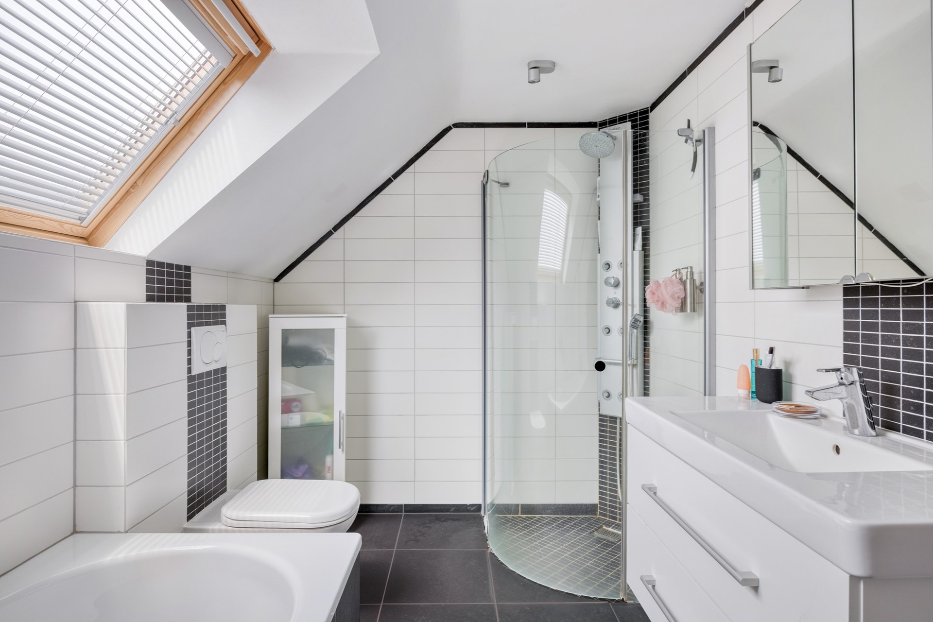 Verdieping: Overloop – ouderslaapkamer met dakkapel – slaapkamer 2 met dakkapel – slaapkamer 3 met dakkapel en wastafel – bergkamer – volledig betegelde badkamer (circa 2011) voorzien van whirlpool ligbad, inloopdouche, hangcloset en badkamermeubel met wastafel.
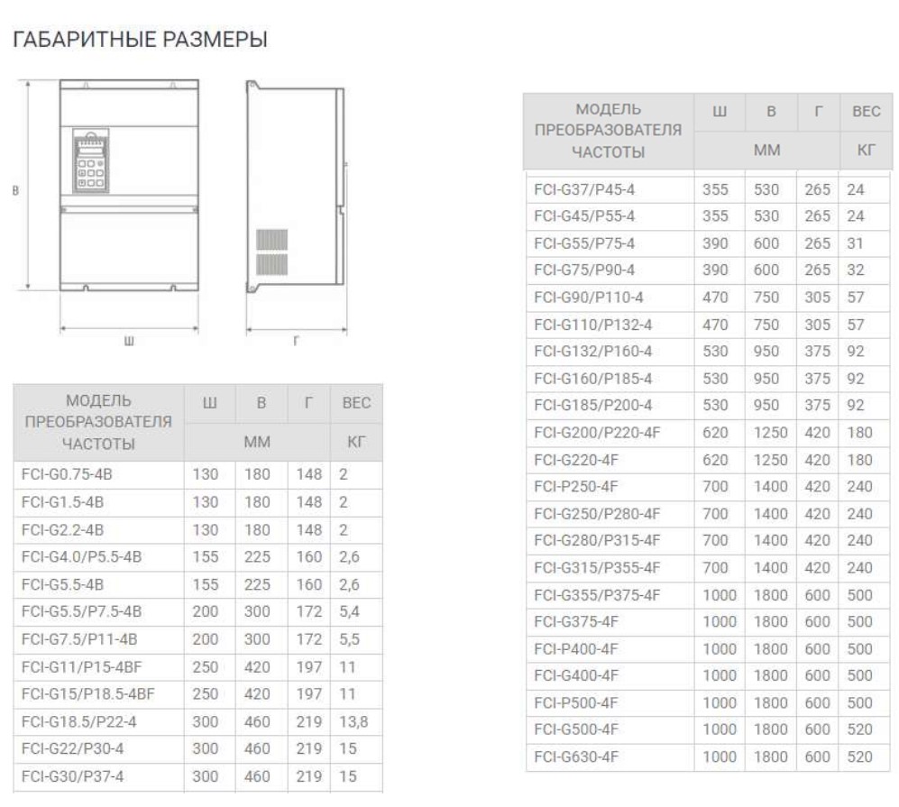 Преобразователь частоты INSTART серии FCI обладает следующими характеристиками:
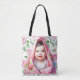 I stället för en presentpåse som bara kommer att kastas bort, packar du alla dina babyduschar eller nyfödd bebis-gåvor i den här söta återanvändbara väskan! Baby med svart hår och blått ögon ler under en rosa rosenknopp till och från gåva till väska. En bakgrund med rosa ros och grönt foliage.

● ● ● ● ● ● ●

### Task item
Could you return exactly the lines starting with the one that contains "Преобразователь частоты INSTART" and ending with the last line of the data above? Leave the pictures out.

### Response area
 Преобразователь частоты INSTART серии FCI обладает следующими характеристиками:
 I stället för en presentpåse som bara kommer att kastas bort, packar du alla dina babyduschar eller nyfödd bebis-gåvor i den här söta återanvändbara väskan! Baby med svart hår och blått ögon ler under en rosa rosenknopp till och från gåva till väska. En bakgrund med rosa ros och grönt foliage.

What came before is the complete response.